Creo que con más frecuencia los políticos que llegan a gobernar, ni idea tienen lo que significa brindar un buen servicio desde un gobierno local. Como por ejemplo, en municipios con amplio acceso a internet, miles de ciudadanos aún tienen que acercarse a pagar sus arbitrios municipales de manera física en tiempos de pagos por banca móvil o en línea.

Las excusas de inicio de gestión se hacen visible. “Qué no hay presupuesto”, “nos dejaron bombas de tiempo con obras inconclusas”, “primero estamos ordenando la casa”, son algunas de las explicaciones que se dan ante la evidente desatención municipal.

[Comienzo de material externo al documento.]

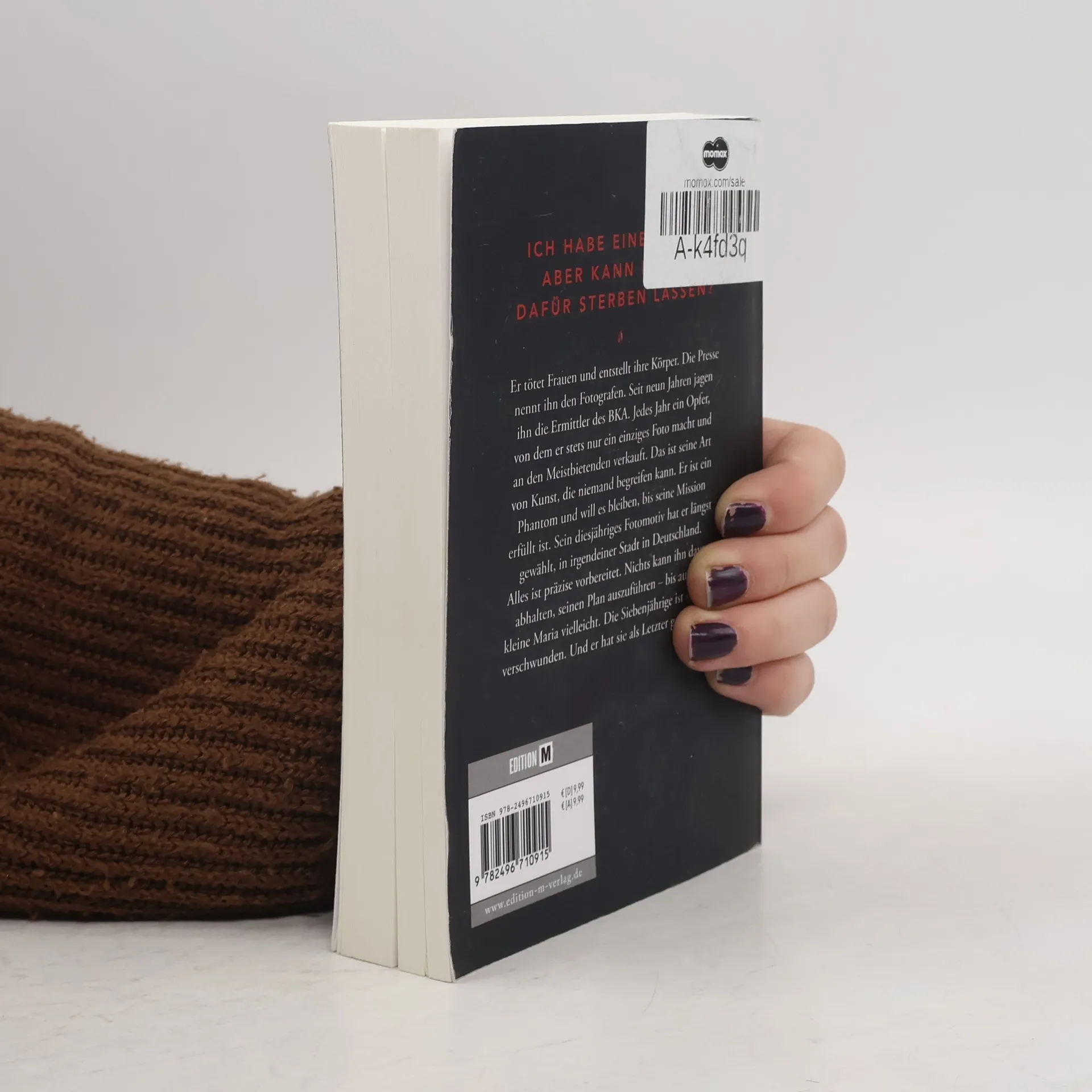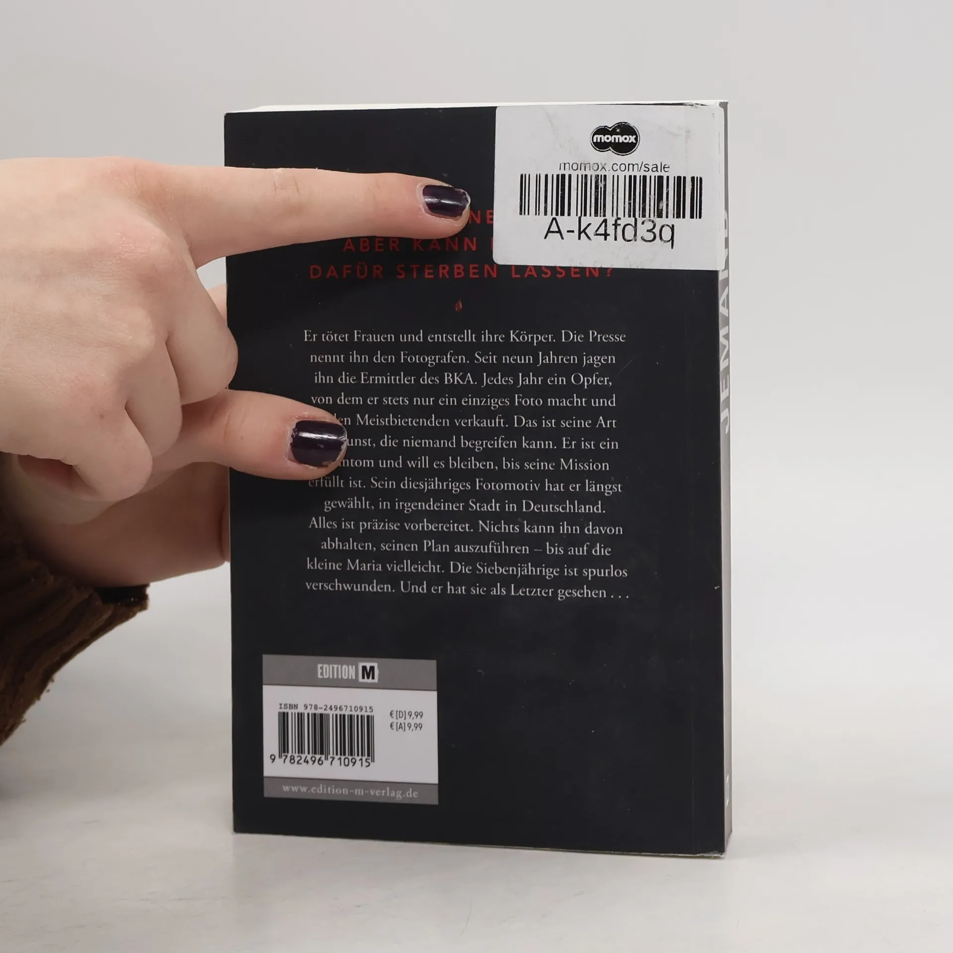 Der neue Thriller von Bestsellerautor Elias Haller handelt von einem Serienkiller, der Frauen tötet und ihre Körper entstellt, um Fotos zu verkaufen. Nach neun Jahren Jagd durch das BKA plant er sein nächstes Opfer, bis die siebenjährige Maria verschwindet und er sie als Letzten gesehen hat.

Los vecinos reclaman de inmediato; agua y saneamiento, mantenimiento de calles, oportuno recojo de basura, más seguridad ciudadana, mejor ordenamiento de transporte y comercio ambulatorio entre otras preocupaciones. Pero lo necesitan ya, y no después de meses. Entre otras cosas, demostrar poca eficacia al inicio de gestión, es la principal causa de perdida de credibilidad de los políticos que llegan a gobernar.

Los gobernantes pueden optar por dos caminos; el silencio ante la prensa es uno de ellos. Lo otro es tomar al toro por las astas, enfrentar los problemas y comunicarlo. Pero aun sin dar declaraciones, las desatenciones con los vecinos hablan por sí solas e incluso gritan a viva voz que se haga lo prometido durante la campaña. Realizar un buen gobierno, debería ser la primera preocupación de los políticos antes de soñar con otros cargos por puro cálculo político.